Exercise inputs:
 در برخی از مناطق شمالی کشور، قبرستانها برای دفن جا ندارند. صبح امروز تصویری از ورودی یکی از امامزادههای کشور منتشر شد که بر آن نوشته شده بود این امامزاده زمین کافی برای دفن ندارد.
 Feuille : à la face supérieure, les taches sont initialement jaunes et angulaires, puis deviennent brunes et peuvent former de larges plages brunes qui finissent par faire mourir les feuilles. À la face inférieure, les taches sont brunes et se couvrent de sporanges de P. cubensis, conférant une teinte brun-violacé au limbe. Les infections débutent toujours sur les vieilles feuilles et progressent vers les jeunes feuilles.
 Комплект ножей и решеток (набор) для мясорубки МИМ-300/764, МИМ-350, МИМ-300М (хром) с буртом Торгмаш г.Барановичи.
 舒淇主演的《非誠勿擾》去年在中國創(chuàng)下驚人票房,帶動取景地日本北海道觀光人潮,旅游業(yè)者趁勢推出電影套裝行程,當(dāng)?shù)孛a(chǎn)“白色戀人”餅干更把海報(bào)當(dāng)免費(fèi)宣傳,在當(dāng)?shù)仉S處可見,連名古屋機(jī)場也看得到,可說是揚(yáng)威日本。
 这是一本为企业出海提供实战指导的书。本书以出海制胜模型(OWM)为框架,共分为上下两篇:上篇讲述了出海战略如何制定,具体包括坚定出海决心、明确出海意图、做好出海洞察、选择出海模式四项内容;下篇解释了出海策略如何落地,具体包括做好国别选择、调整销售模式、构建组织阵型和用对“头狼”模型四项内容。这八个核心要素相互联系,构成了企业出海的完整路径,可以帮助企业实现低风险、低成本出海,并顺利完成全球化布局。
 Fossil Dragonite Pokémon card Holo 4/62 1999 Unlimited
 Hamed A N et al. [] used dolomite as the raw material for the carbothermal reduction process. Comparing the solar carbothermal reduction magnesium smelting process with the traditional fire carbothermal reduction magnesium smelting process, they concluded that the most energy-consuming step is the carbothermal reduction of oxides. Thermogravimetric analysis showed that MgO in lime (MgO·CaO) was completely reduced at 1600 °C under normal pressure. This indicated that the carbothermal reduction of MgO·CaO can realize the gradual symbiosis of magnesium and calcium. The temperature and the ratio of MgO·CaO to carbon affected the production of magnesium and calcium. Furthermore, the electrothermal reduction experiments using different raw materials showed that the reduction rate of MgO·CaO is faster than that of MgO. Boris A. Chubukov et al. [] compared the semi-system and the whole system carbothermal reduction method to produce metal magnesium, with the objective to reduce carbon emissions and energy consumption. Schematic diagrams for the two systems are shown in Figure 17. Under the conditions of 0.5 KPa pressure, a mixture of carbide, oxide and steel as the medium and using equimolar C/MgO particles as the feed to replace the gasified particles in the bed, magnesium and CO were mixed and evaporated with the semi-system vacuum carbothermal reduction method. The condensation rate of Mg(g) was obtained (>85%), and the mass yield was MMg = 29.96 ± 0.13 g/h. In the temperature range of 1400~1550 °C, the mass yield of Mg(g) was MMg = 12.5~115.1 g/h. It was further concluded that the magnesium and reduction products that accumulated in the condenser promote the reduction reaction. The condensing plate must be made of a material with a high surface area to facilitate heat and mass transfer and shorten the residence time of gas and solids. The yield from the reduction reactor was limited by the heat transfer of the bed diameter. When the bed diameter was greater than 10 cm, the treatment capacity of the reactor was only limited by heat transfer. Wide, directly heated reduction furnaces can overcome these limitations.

...

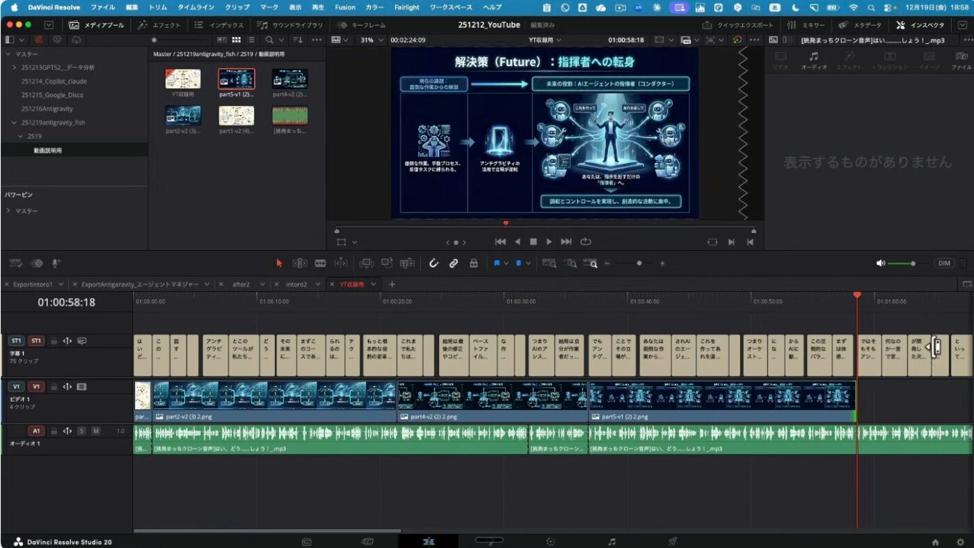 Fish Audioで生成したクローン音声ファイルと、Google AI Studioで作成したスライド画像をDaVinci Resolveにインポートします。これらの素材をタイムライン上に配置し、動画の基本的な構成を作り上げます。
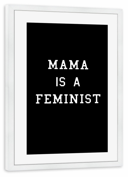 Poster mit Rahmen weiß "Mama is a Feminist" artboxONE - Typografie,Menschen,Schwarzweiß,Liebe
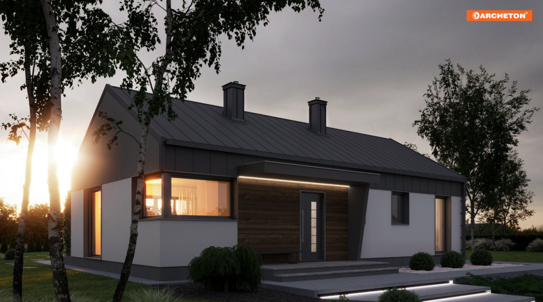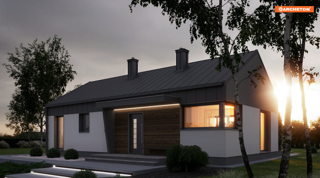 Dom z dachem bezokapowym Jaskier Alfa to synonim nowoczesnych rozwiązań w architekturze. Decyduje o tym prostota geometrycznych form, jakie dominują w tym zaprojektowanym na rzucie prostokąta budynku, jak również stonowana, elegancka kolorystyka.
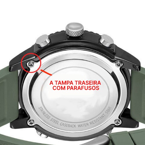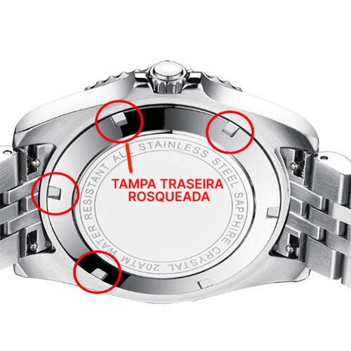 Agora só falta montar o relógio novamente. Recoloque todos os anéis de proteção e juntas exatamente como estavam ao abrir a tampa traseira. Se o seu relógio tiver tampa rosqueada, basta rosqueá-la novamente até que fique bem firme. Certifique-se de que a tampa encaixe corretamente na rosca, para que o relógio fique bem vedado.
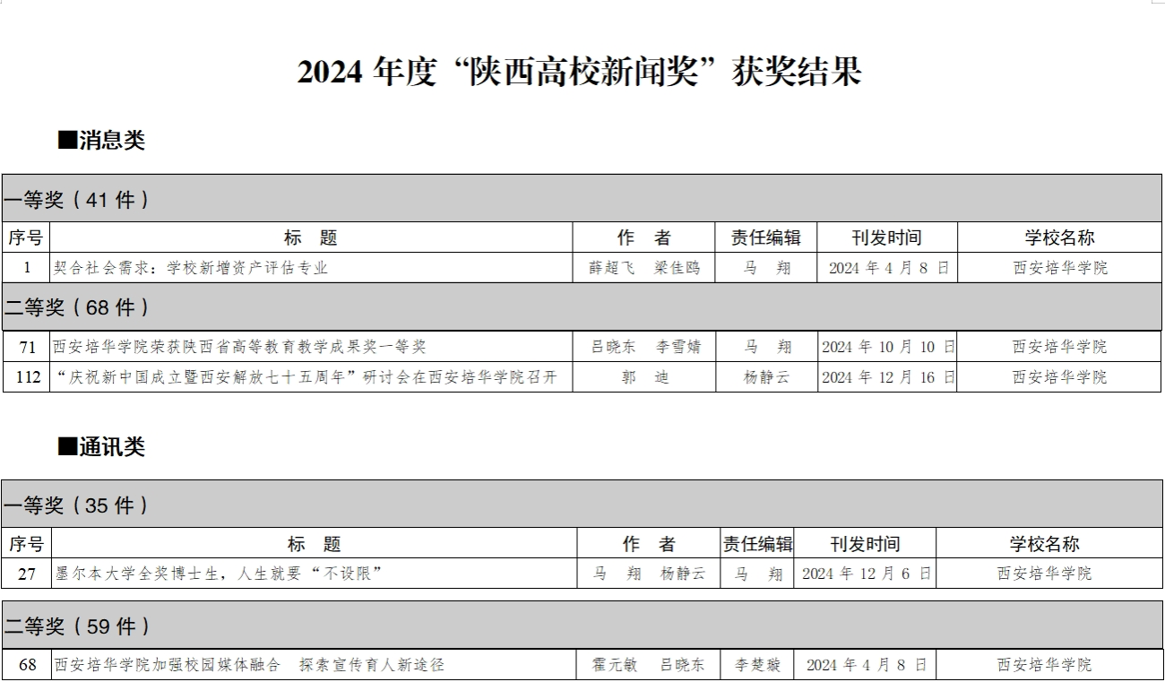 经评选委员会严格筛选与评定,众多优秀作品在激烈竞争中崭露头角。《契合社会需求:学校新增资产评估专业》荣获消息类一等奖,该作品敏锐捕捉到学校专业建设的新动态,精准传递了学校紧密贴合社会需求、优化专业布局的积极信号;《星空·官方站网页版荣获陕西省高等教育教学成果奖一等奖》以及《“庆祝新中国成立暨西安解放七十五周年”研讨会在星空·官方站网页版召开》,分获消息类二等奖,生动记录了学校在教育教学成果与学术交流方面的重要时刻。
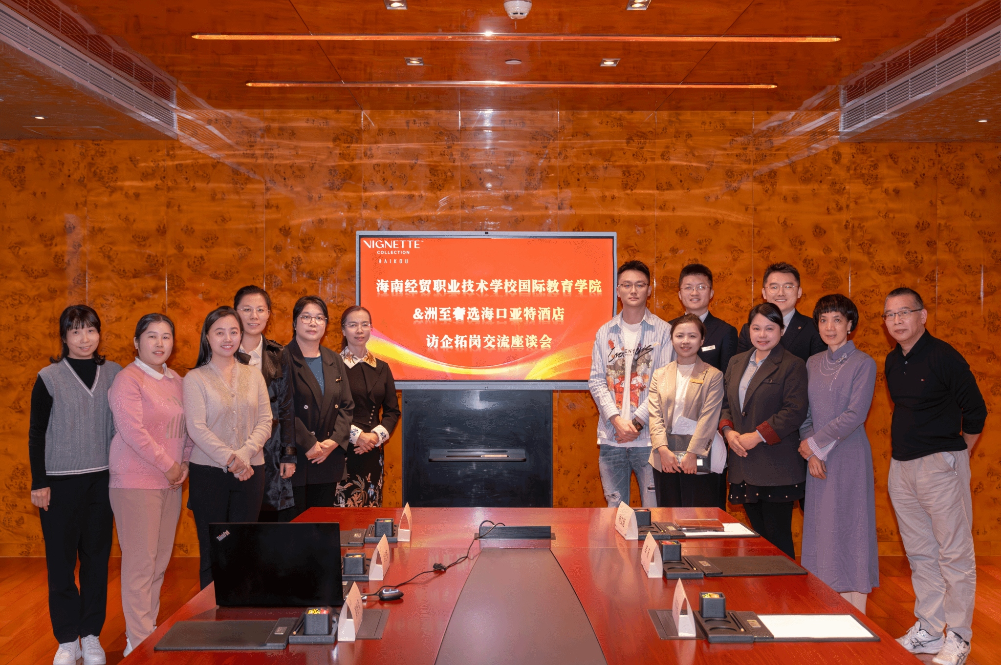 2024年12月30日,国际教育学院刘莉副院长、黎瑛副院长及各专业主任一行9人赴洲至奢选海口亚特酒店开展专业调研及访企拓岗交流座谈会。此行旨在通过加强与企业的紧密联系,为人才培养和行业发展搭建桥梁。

Task goal: Reproducing the whole listing above is not the task. Copy exactly only the lines from the one with "Feuille : à" to the one with "Комплект ножей и", both kept.

The completed task:
 Feuille : à la face supérieure, les taches sont initialement jaunes et angulaires, puis deviennent brunes et peuvent former de larges plages brunes qui finissent par faire mourir les feuilles. À la face inférieure, les taches sont brunes et se couvrent de sporanges de P. cubensis, conférant une teinte brun-violacé au limbe. Les infections débutent toujours sur les vieilles feuilles et progressent vers les jeunes feuilles.
 Комплект ножей и решеток (набор) для мясорубки МИМ-300/764, МИМ-350, МИМ-300М (хром) с буртом Торгмаш г.Барановичи.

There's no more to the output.